--- TASK BRIEF ---
Write the following entries out again exactly, skipping each image.
───── INFORMATION SHOWN
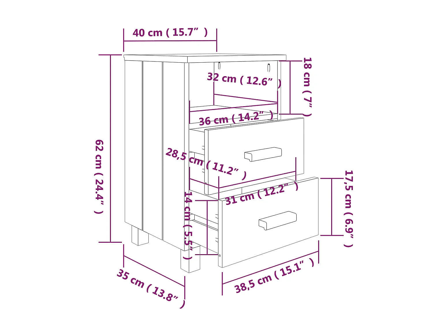 Nachttisch Nachtschrank HAMAR Hellgrau 40x35x62 cm Massivholz Kiefer -RN57974
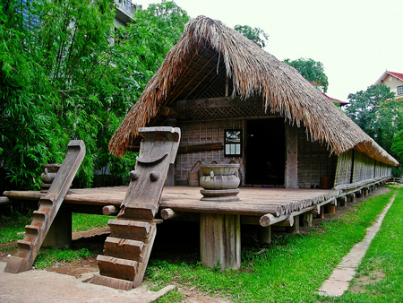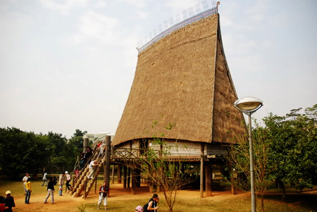Estamos ahora en el espacio de exposición a cielo abierto del Museo de Etnología. Ante nosotros, se encuentra una aldea de minorías étnicas compuesta por una docena de viviendas representativas como “nhà rông, nhà dài (casas comunas de pobladores étnicos de Tay Nguyen, en la Meseta Occidental), y también “nhà mồ” (tumba)… Se hallan además las casas típicas de los habitantes Kinh, Cham, y Ha Nhi, y otras más. El doctor Luu Hung, a su cargo, informó: “El Museo de Etnología es el primero del país dotado de un espacio de exposición a cielo abierto. Todas estas casas fueron construidas por los mismos autóctonos. La instalación de estas construcciones en el museo es un nuevo acercamiento que responde a la demanda de la sociedad y también al afán de desarrollo del museo. Estamos orgullosos de crear un espacio de exposición tan interesante para el público.”
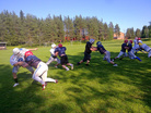 Maitopitäjä Kiuruveden Milky City Farmers aloittaa SAJL:n 3-divisioonassa. Lajiin harrastajilla on tuntumaa muutaman vuoden ajalta. Toimintaa Kiuruveden 10 000 asukkaan taajamassa on ollut jo muutaman vuoden ajan Milky Bowl näytösottelun muodossa. Farmers pelasi kesäkuun puolessa välissä Lieksa Legioonaa vastaan III-divisioonan säännöillä käyttäen Steelersin varusteita. Ottelu päättyi Farmersin voittoon 32-0. Nyt jalkapallon ja jääkiekon harrastajista pääosin koostuva joukkue tulee mukaan SAJL:n toimintaa. Varusteita on saatu Liitolta lainaan ja osallistuminen 3-divisioonaan on tämän vuoden tavoite. Toimintaa laajennetaan myös naapurikuntiin Pyhäjärvelle ja Iisalmelle. |
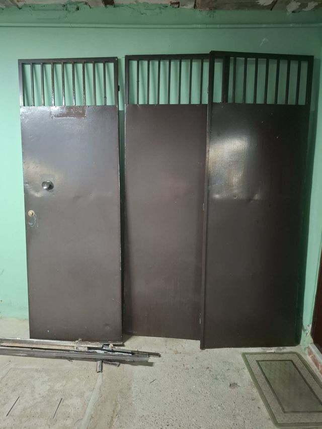 Puerta de cochera metálica de color marrón oscuro. Ideal para garajes o accesos. - Estructura robusta. - Diseño con rejas superiores.
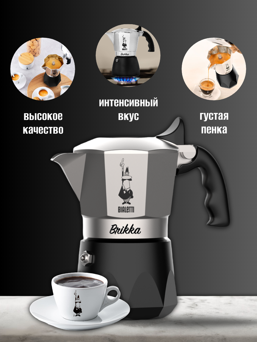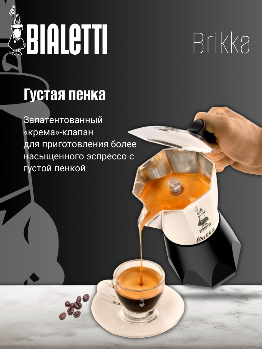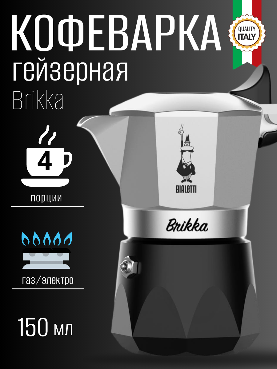 Кофеварка гейзерная Bialetti Brikka 2023 на 4 порции, 150 мл информация:
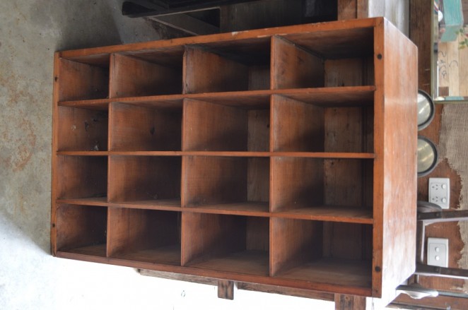 Lovely solid hardwood 16 hole – pigeon hole cupboard. Dimensions 650mm H X 1050mm W X 390mm D. Price sold
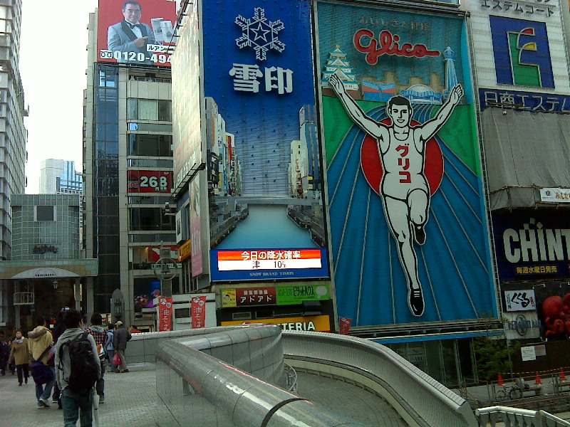 道頓堀 -菅井が経営する「クラブみやこ」とされる 旧)キリンプラザ大阪があった場所、観る者に「ここは大阪だ」と印象づけるのにかかせないグリコの看板。
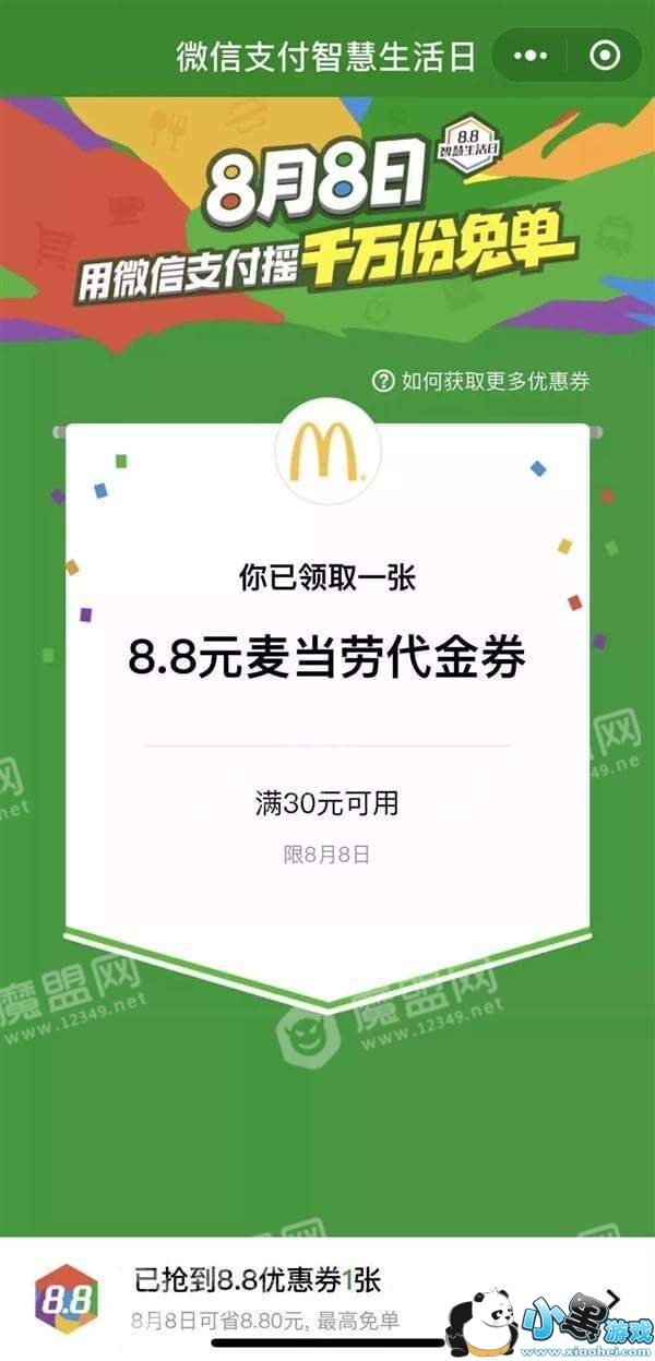 8月8日,用户在微信支付线下合作商户处,使用微信支付完成付款,即可参与“微信支付摇摇乐”活动,每位用户当天可参与2次。
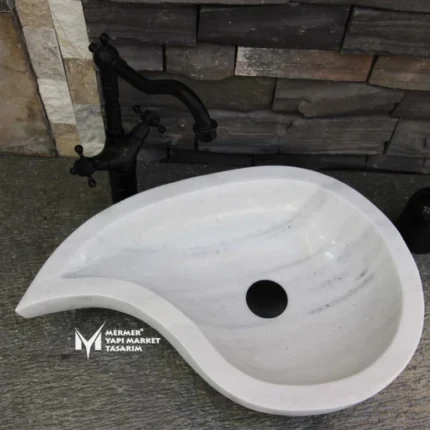 Beyaz Mermer Damla Model Lavabo
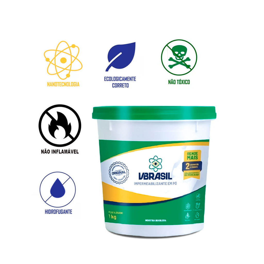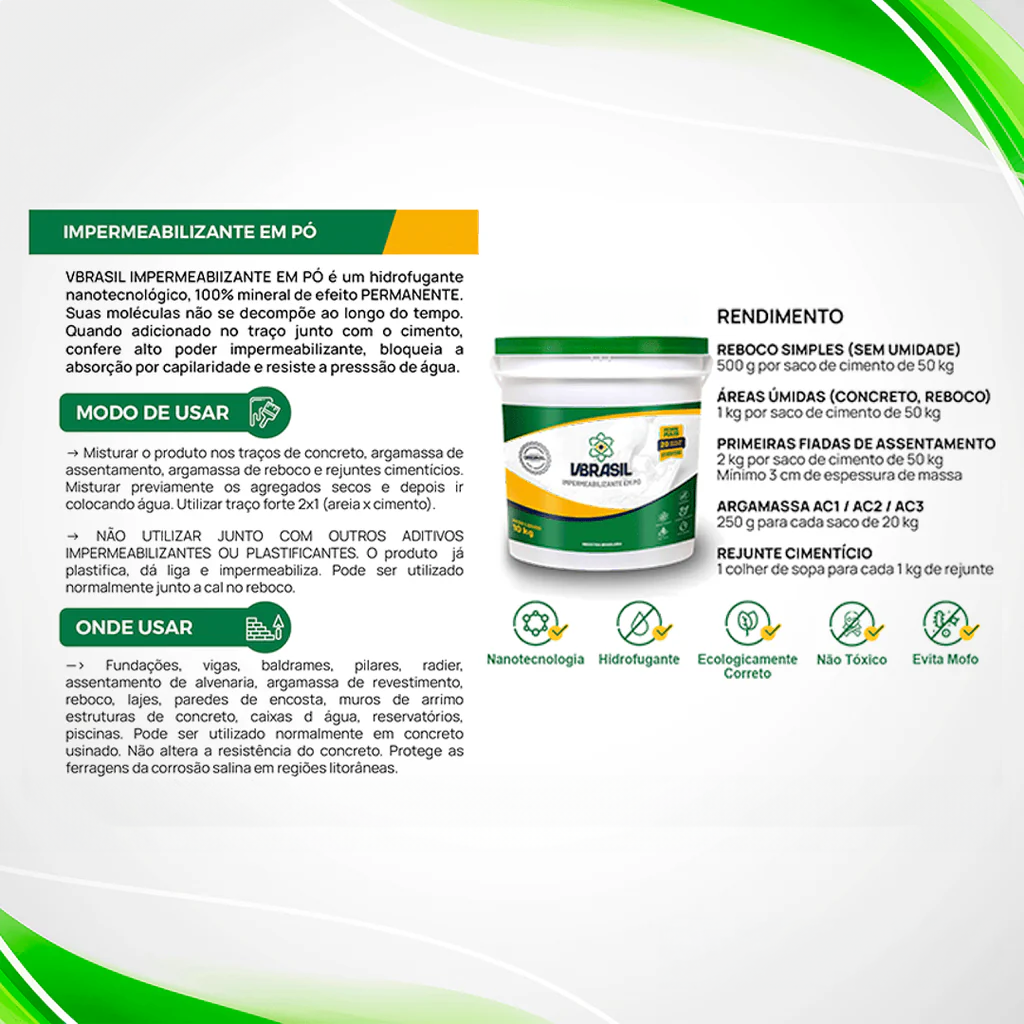 O VBrasil Impermeabilizante em Pó é um hidrofugante, desenvolvido com nanotecnologia, usado como aditivo impermeabilizante para concreto.
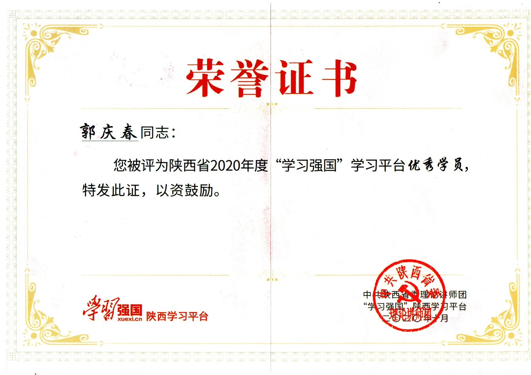 ? ? 近日,我公司周至管理處黨支部黨員郭慶春同志,榮獲陜西省2020年度“學習強國”學習平臺優(yōu)秀學員稱號。
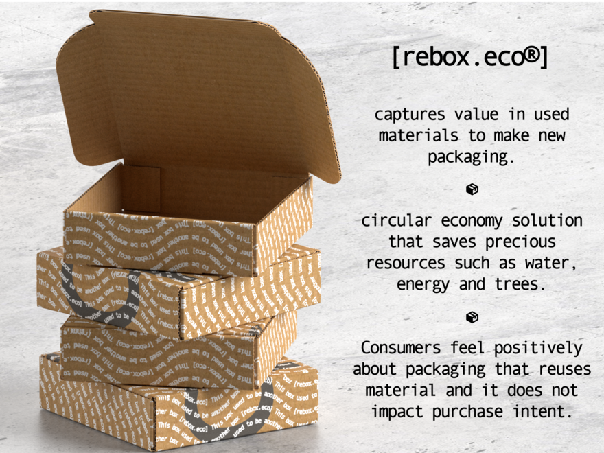 [rebox.eco]用旧盒子制作新盒子,通过捕捉旧材料的价值、最大限度地减少资源开采和减少浪费,帮助品牌更可持续地发送电子商务快递。企业正在努力寻找他们需要的包装,并诉诸不太理想的解决方案,因为市场看到需求不断增加,纸张供应有限。与此同时,像英国这样的国家不能回收所有的废纸,超过一半的废纸被出口,这往往导致处理不当。[rebox.eco]是一项运营创新,它将这些因素结合在一起,捕捉并增加被视为废物的价值。
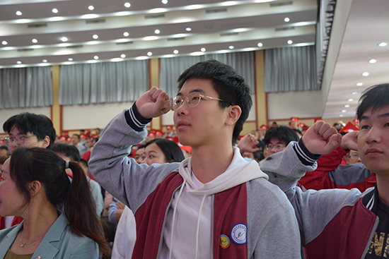 在李鵬鵬同學(xué)的帶領(lǐng)下,全體學(xué)生莊嚴(yán)宣誓。徐晉謙校長(zhǎng)為各班授戰(zhàn)旗。誓言錚錚,戰(zhàn)旗獵獵,同學(xué)們接過的不僅是一份信任和重托,更是一份責(zé)任和擔(dān)當(dāng)!
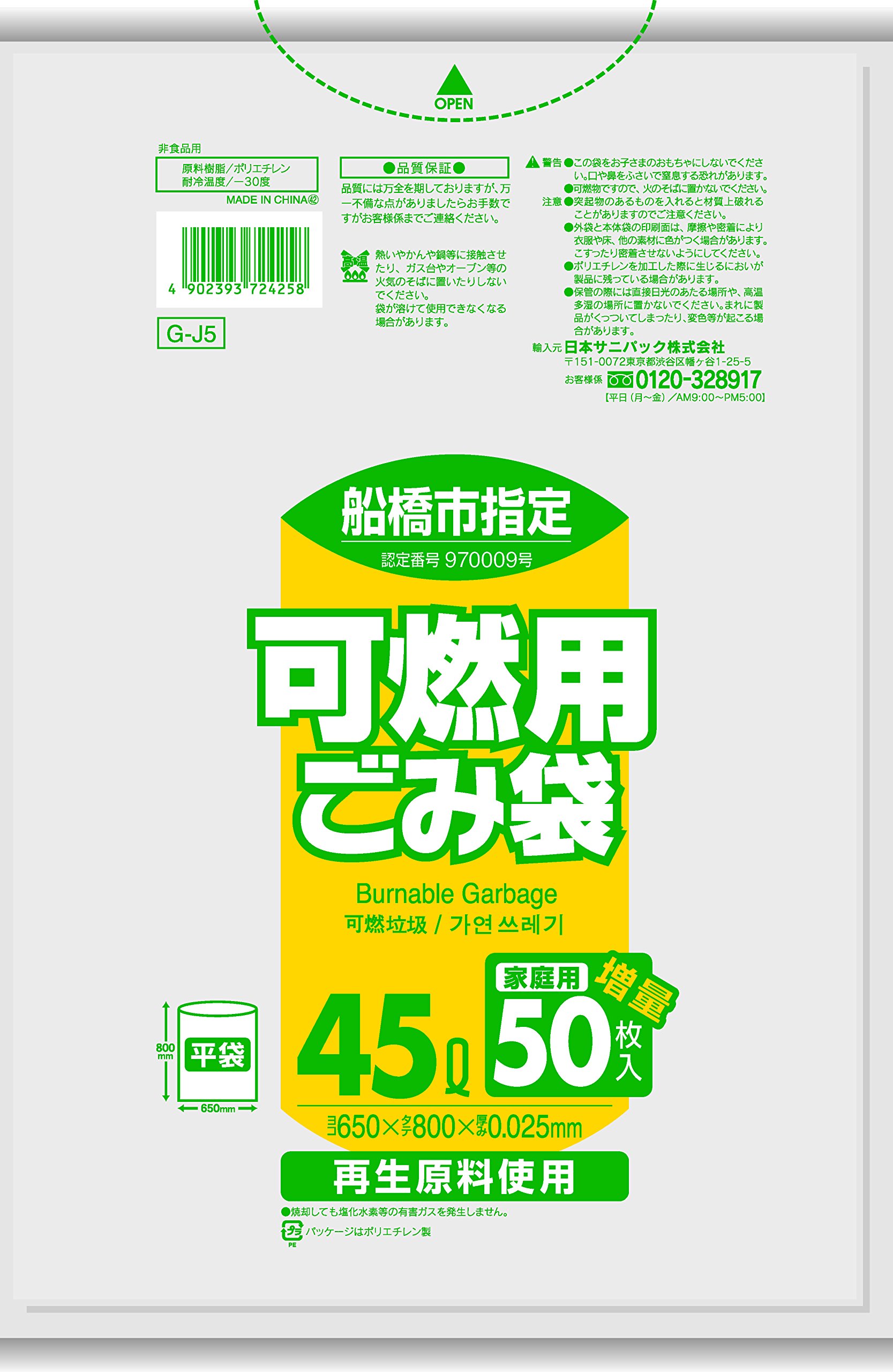 Japan Sanipakku Funabashi specified combustible 45L 50 sheets
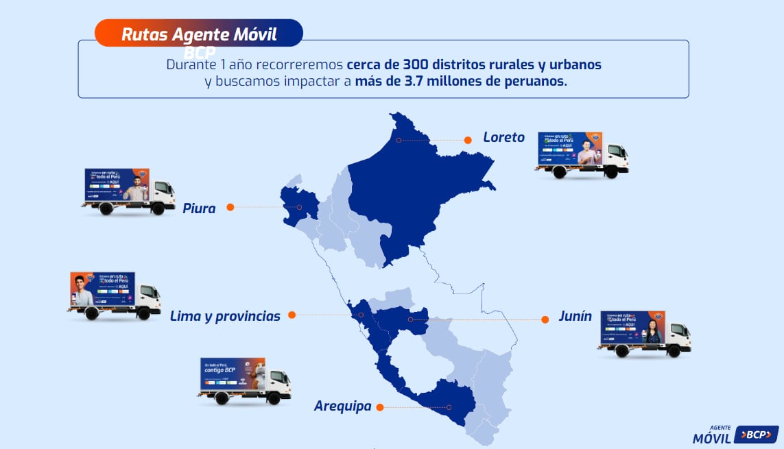 El BCP lanzó cuatro Agentes Móviles BCP, el nuevo formato de atención al cliente, que viajarán desde Lima hacia distintas regiones del país para atender a más de 3.7 millones de peruanos.
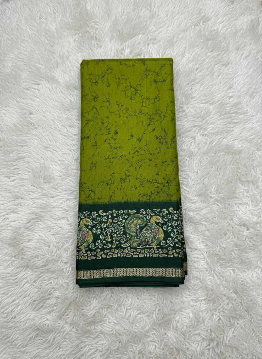 ▪Border & Pallu has printed kalamkari Elephant motifs and floral patterns.
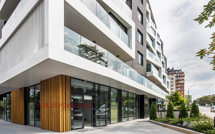 Довършителните работи са изпълнени с висок клас материали, фасадата е окачена с клинкерни плочи и еталбон, алуминиева дограма Reynaers с троен стъклопакет, стъклен парапет и асансьор Tyssenkrupp .
──────────
--- ANSWER SPACE ---
 Nachttisch Nachtschrank HAMAR Hellgrau 40x35x62 cm Massivholz Kiefer -RN57974
Estamos ahora en el espacio de exposición a cielo abierto del Museo de Etnología. Ante nosotros, se encuentra una aldea de minorías étnicas compuesta por una docena de viviendas representativas como “nhà rông, nhà dài (casas comunas de pobladores étnicos de Tay Nguyen, en la Meseta Occidental), y también “nhà mồ” (tumba)… Se hallan además las casas típicas de los habitantes Kinh, Cham, y Ha Nhi, y otras más. El doctor Luu Hung, a su cargo, informó: “El Museo de Etnología es el primero del país dotado de un espacio de exposición a cielo abierto. Todas estas casas fueron construidas por los mismos autóctonos. La instalación de estas construcciones en el museo es un nuevo acercamiento que responde a la demanda de la sociedad y también al afán de desarrollo del museo. Estamos orgullosos de crear un espacio de exposición tan interesante para el público.”
 Maitopitäjä Kiuruveden Milky City Farmers aloittaa SAJL:n 3-divisioonassa. Lajiin harrastajilla on tuntumaa muutaman vuoden ajalta. Toimintaa Kiuruveden 10 000 asukkaan taajamassa on ollut jo muutaman vuoden ajan Milky Bowl näytösottelun muodossa. Farmers pelasi kesäkuun puolessa välissä Lieksa Legioonaa vastaan III-divisioonan säännöillä käyttäen Steelersin varusteita. Ottelu päättyi Farmersin voittoon 32-0. Nyt jalkapallon ja jääkiekon harrastajista pääosin koostuva joukkue tulee mukaan SAJL:n toimintaa. Varusteita on saatu Liitolta lainaan ja osallistuminen 3-divisioonaan on tämän vuoden tavoite. Toimintaa laajennetaan myös naapurikuntiin Pyhäjärvelle ja Iisalmelle. |
 Puerta de cochera metálica de color marrón oscuro. Ideal para garajes o accesos. - Estructura robusta. - Diseño con rejas superiores.
 Кофеварка гейзерная Bialetti Brikka 2023 на 4 порции, 150 мл информация:
 Lovely solid hardwood 16 hole – pigeon hole cupboard. Dimensions 650mm H X 1050mm W X 390mm D. Price sold
 道頓堀 -菅井が経営する「クラブみやこ」とされる 旧)キリンプラザ大阪があった場所、観る者に「ここは大阪だ」と印象づけるのにかかせないグリコの看板。
 8月8日,用户在微信支付线下合作商户处,使用微信支付完成付款,即可参与“微信支付摇摇乐”活动,每位用户当天可参与2次。
 Beyaz Mermer Damla Model Lavabo
 O VBrasil Impermeabilizante em Pó é um hidrofugante, desenvolvido com nanotecnologia, usado como aditivo impermeabilizante para concreto.
 ? ? 近日,我公司周至管理處黨支部黨員郭慶春同志,榮獲陜西省2020年度“學習強國”學習平臺優(yōu)秀學員稱號。
 [rebox.eco]用旧盒子制作新盒子,通过捕捉旧材料的价值、最大限度地减少资源开采和减少浪费,帮助品牌更可持续地发送电子商务快递。企业正在努力寻找他们需要的包装,并诉诸不太理想的解决方案,因为市场看到需求不断增加,纸张供应有限。与此同时,像英国这样的国家不能回收所有的废纸,超过一半的废纸被出口,这往往导致处理不当。[rebox.eco]是一项运营创新,它将这些因素结合在一起,捕捉并增加被视为废物的价值。
 在李鵬鵬同學(xué)的帶領(lǐng)下,全體學(xué)生莊嚴(yán)宣誓。徐晉謙校長(zhǎng)為各班授戰(zhàn)旗。誓言錚錚,戰(zhàn)旗獵獵,同學(xué)們接過的不僅是一份信任和重托,更是一份責(zé)任和擔(dān)當(dāng)!
 Japan Sanipakku Funabashi specified combustible 45L 50 sheets
 El BCP lanzó cuatro Agentes Móviles BCP, el nuevo formato de atención al cliente, que viajarán desde Lima hacia distintas regiones del país para atender a más de 3.7 millones de peruanos.
 ▪Border & Pallu has printed kalamkari Elephant motifs and floral patterns.
 Довършителните работи са изпълнени с висок клас материали, фасадата е окачена с клинкерни плочи и еталбон, алуминиева дограма Reynaers с троен стъклопакет, стъклен парапет и асансьор Tyssenkrupp .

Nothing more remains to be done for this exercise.